Nvidia on Monday announced its plans to acquire Cumulus Networks, an open networking software company founded in 2010. The purchase comes on the heels of Nvidia’s $7 billion acquisition of Mellanox, an interconnection vendor that’s shipped combined offerings with Cumulus since 2016.
The terms of the Cumulus deal were not disclosed.
“Nvidias’s approach to creating both the hardware and software for accelerated computing expands deeper into networking software with Cumulus,” wrote Amit Katz, VP of Ethernet Switch at Mellanox, in a blog post. “The ability to innovate across the entire technology stack will help us deliver performance at scale for the accelerated, software-defined data center.”
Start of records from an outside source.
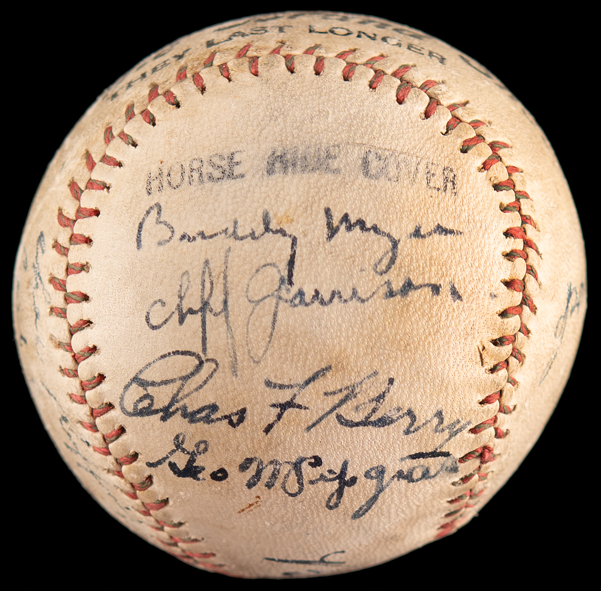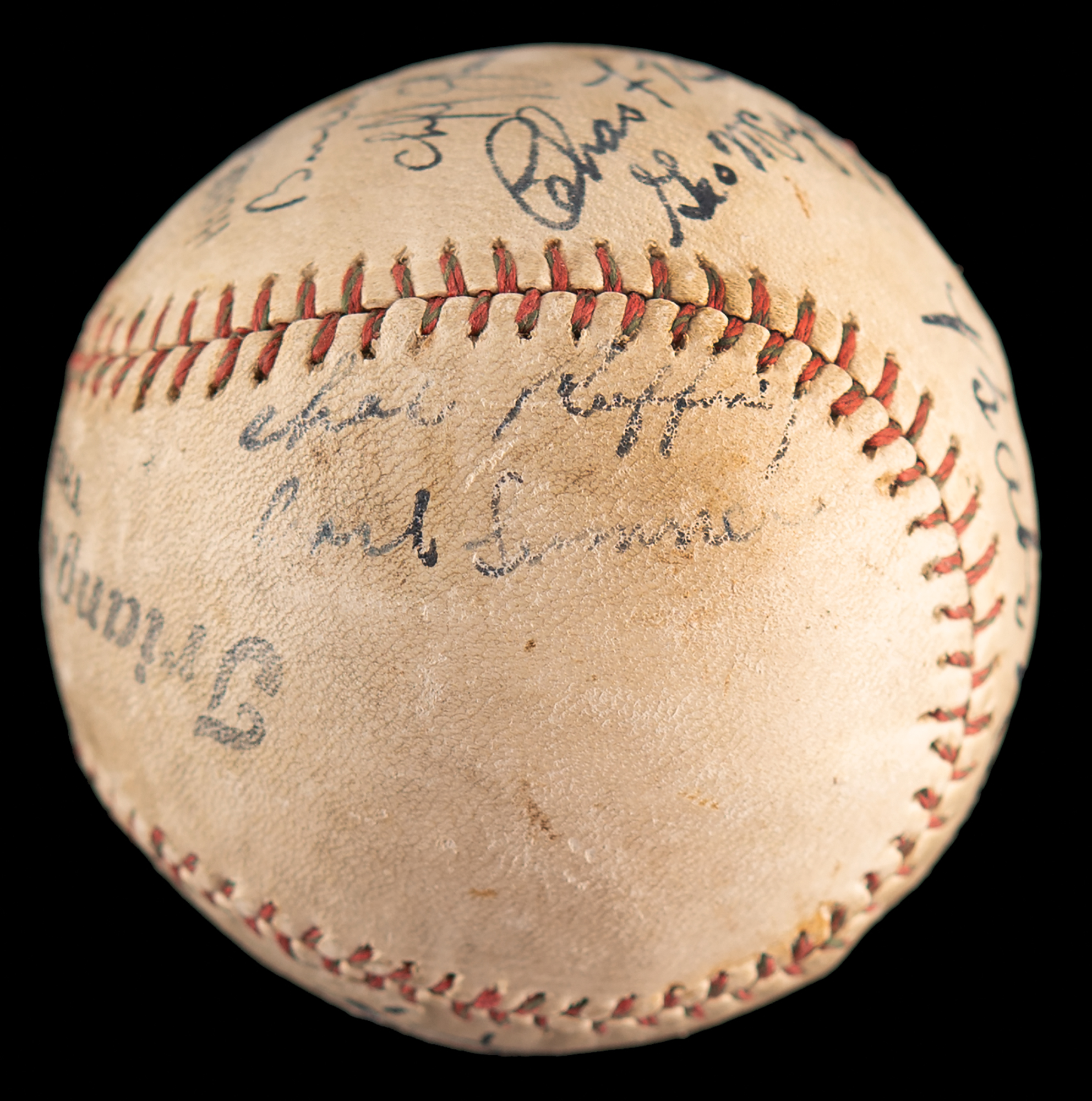 Circa 1928 baseball signed on the sweet spot in black ink, “Babe Ruth,” and on a side panel, “Lou Gehrig.” The ball is also signed by several period players from the New York Yankees (George Pipgras, Benny Bengough, and Hall of Famer Herb Pennock) and the Boston Red Sox (Cliff Garrison, Charlie Berry, Buddy Myer, Carl Sumner, and Hall of Famer Red Ruffing). In very good to fine condition, with mild scuffing and light soiling. An exceptional Ruth-Gehrig signed ball—one of the most coveted combos in sporting history—further enhanced by its late 1920s era. By the close of the 1928 season, the Yankees had firmly established themselves as baseball’s preeminent dynasty, capturing their second consecutive World Series championship and further cementing the legendary partnership of Ruth and Gehrig at the peak of their powers.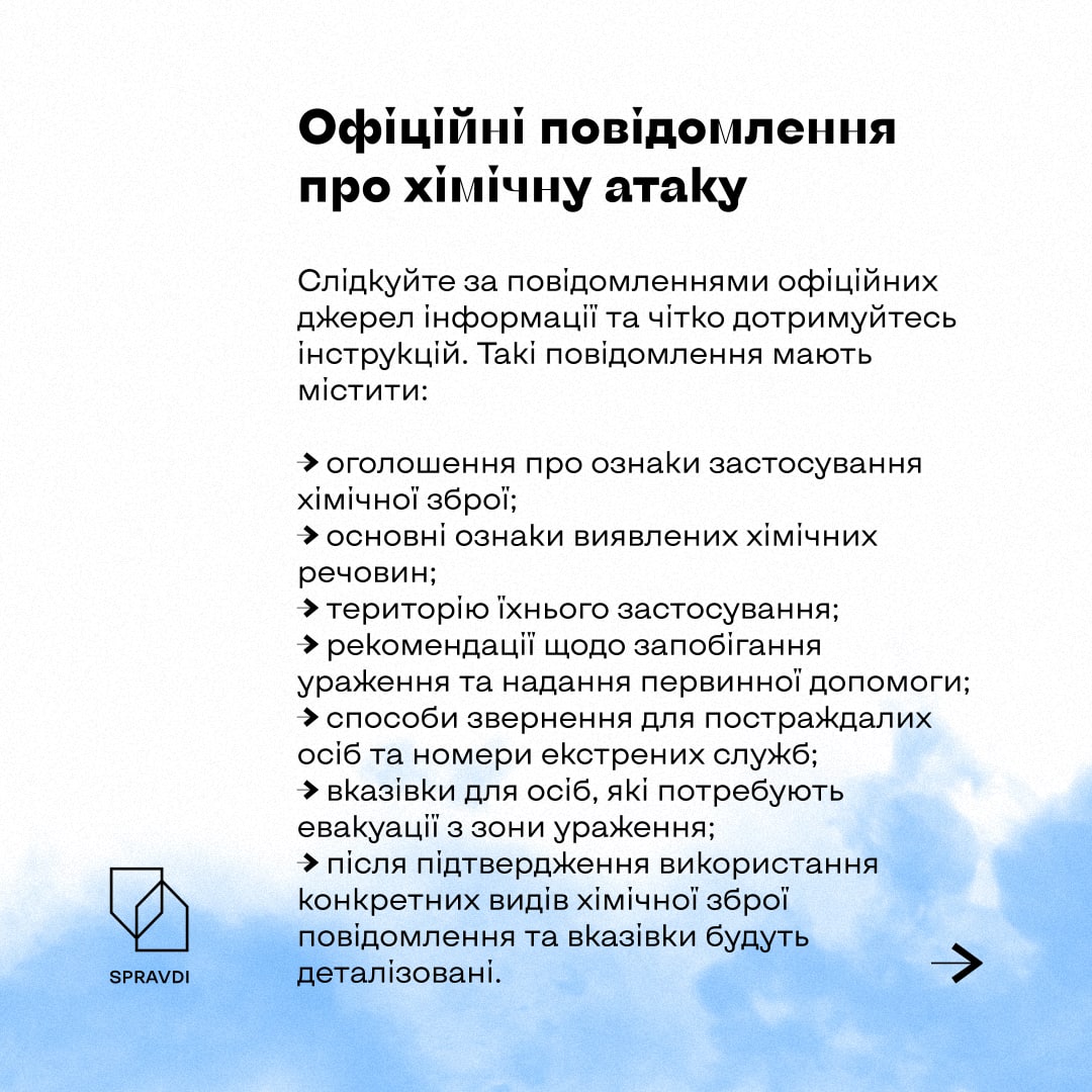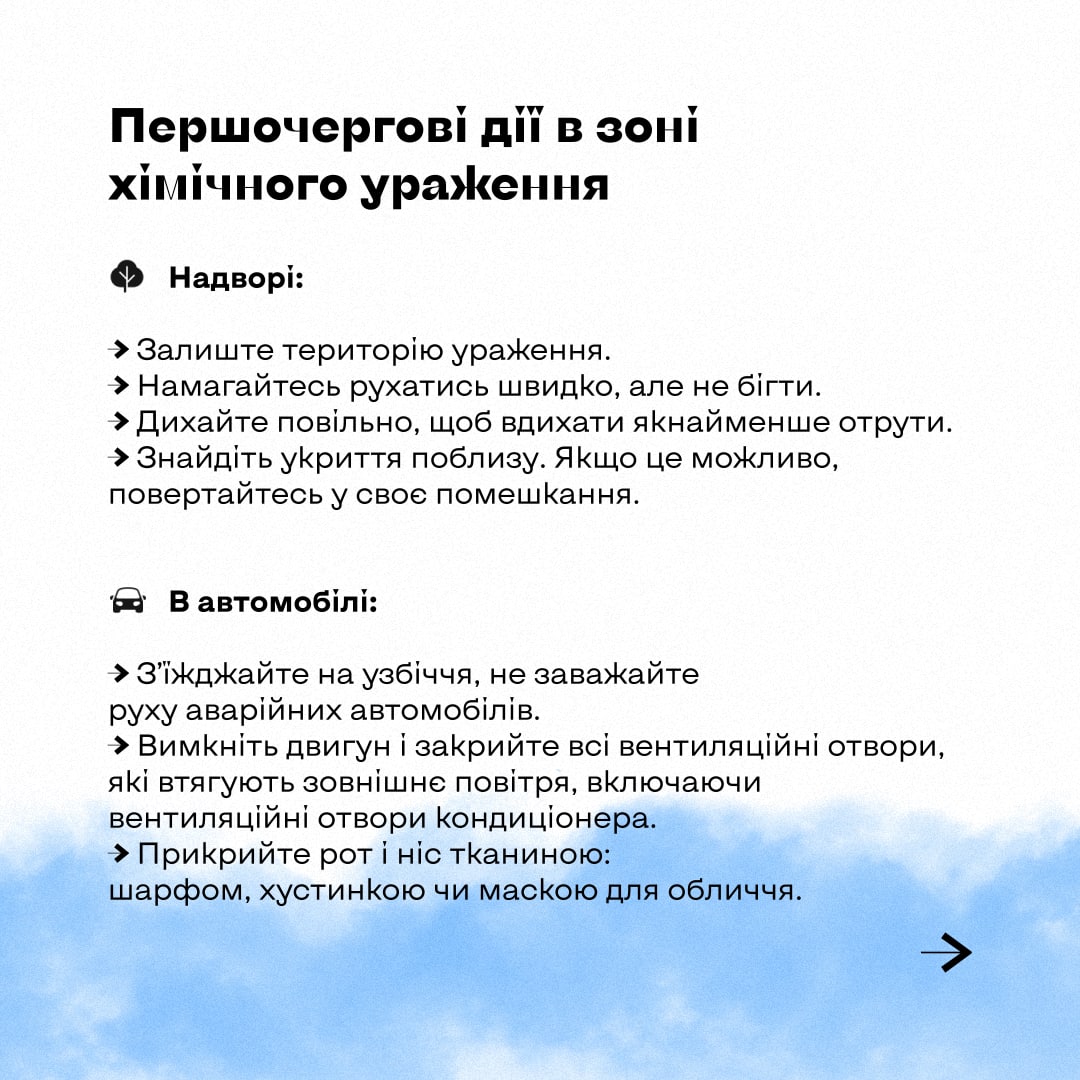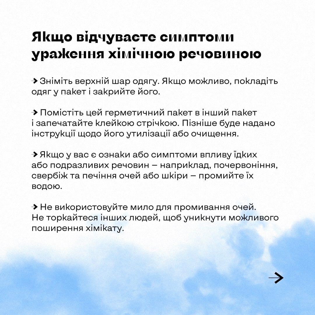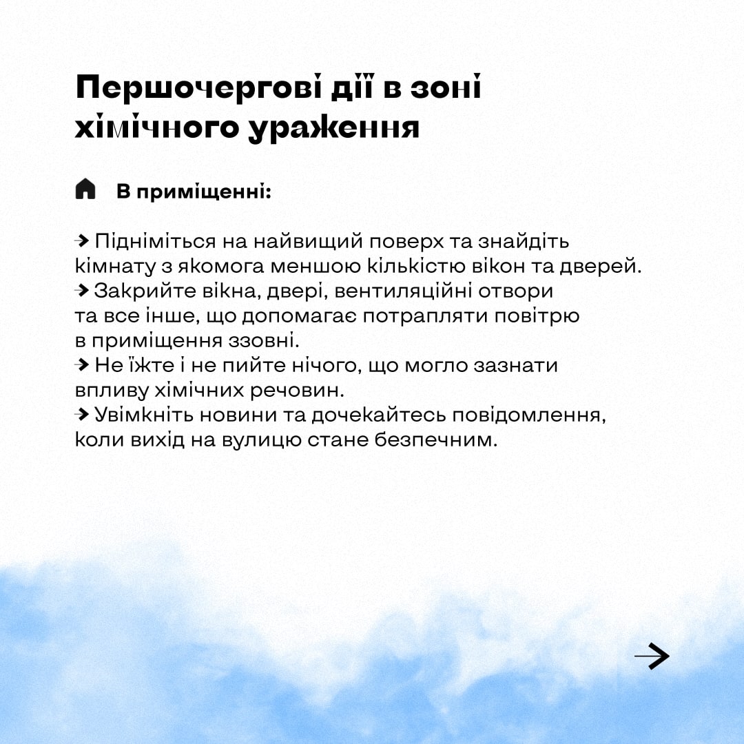 Telegram-канал "Телеграмна служба новин" розповів, що робити у разі хімічної атаки або аварії на хімічному підприємстві.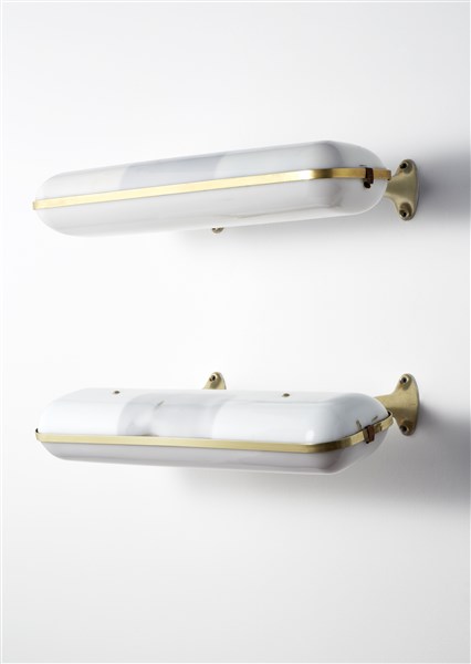 * Pair of wall lamps. Milan, 1957. Brass-cast aluminum structure, opaque white methacrylate diffuser. (l 73 cm.) (slight defects)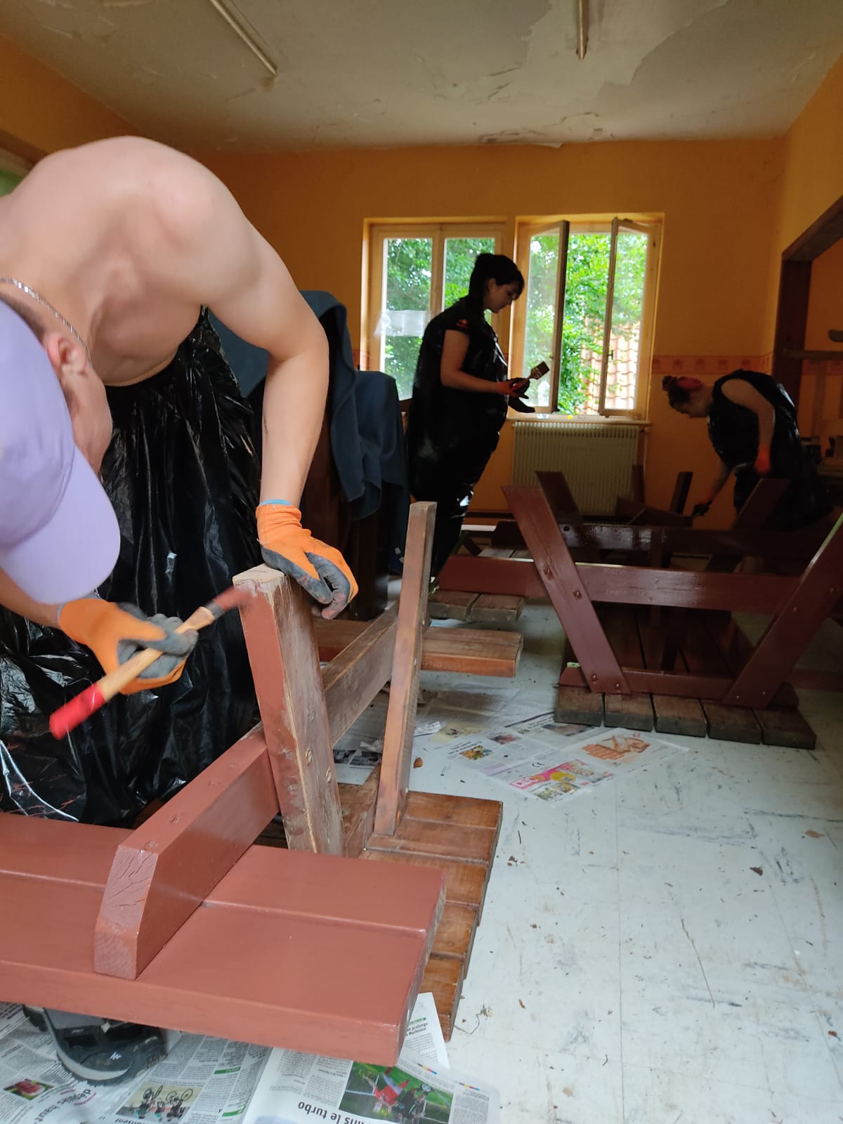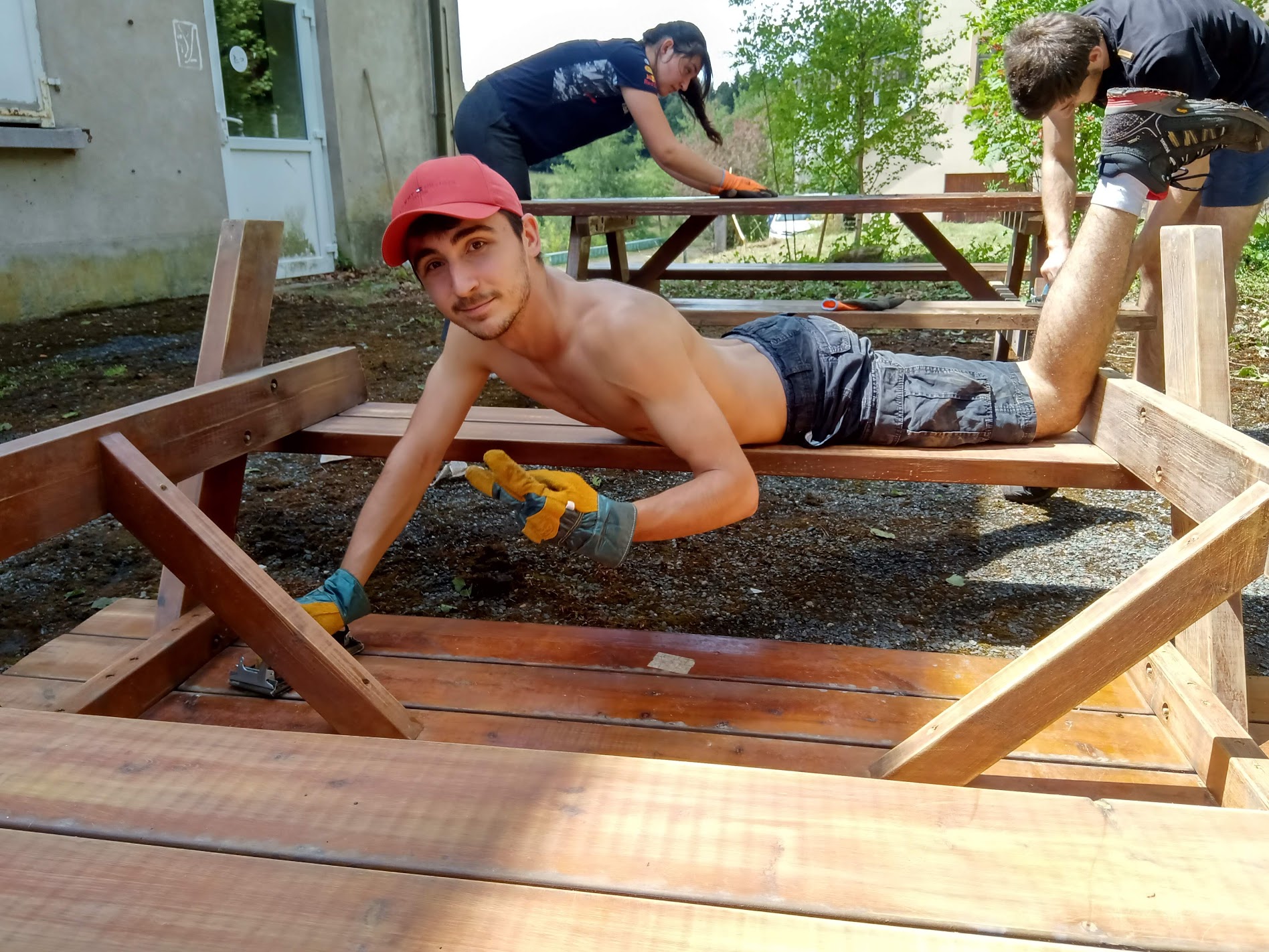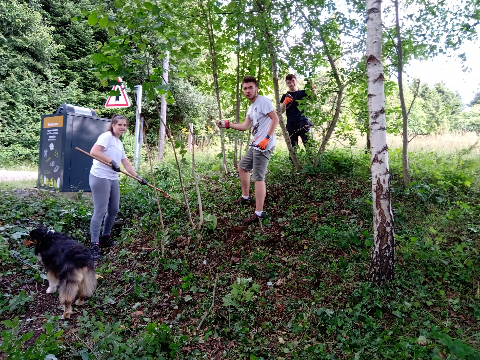 Ils sont les premiers à mettre les mains à la pâte sur le futur site d’ABC-Climont. Ils ont débroussaillé, coupé l’herbe, enlevé les genets. Ils ont poncé et peint les trois tables de pique-nique. Le tout sous le regard bienveillant de Roland Henry et son chien Jade, venus les accompagner avec leur savoir faire. Outre ses réponses aux questions techniques, il apporte des petites touches de sagesse autre: les noms des fleurs à laisser (millepertuis, prêle des champs, églantine…), gestion de la fourmilière découverte sous les ronces, plaidant pour une cohabitation interspécifiques pacifique!

Cumulus says it has more than 1,800 customers, including 30% of the Fortune 50. The Mountain View, Calif.-based company supports more than 100 hardware platforms with Cumulus Linux, its operating system for network switches. Mellanox’s Spectrum switches already ship with Cumulus Linux. The two companies also worked together to build DENT, a distributed Linux software framework for the network edge, as well as the Onyx operating system.
Cumulus was also behind ONIE, an Open Compute Project open-source initiative that defines an open “install environment” for bare metal network switches. Mellanox uses the ONIE environment as a foundation for its switches.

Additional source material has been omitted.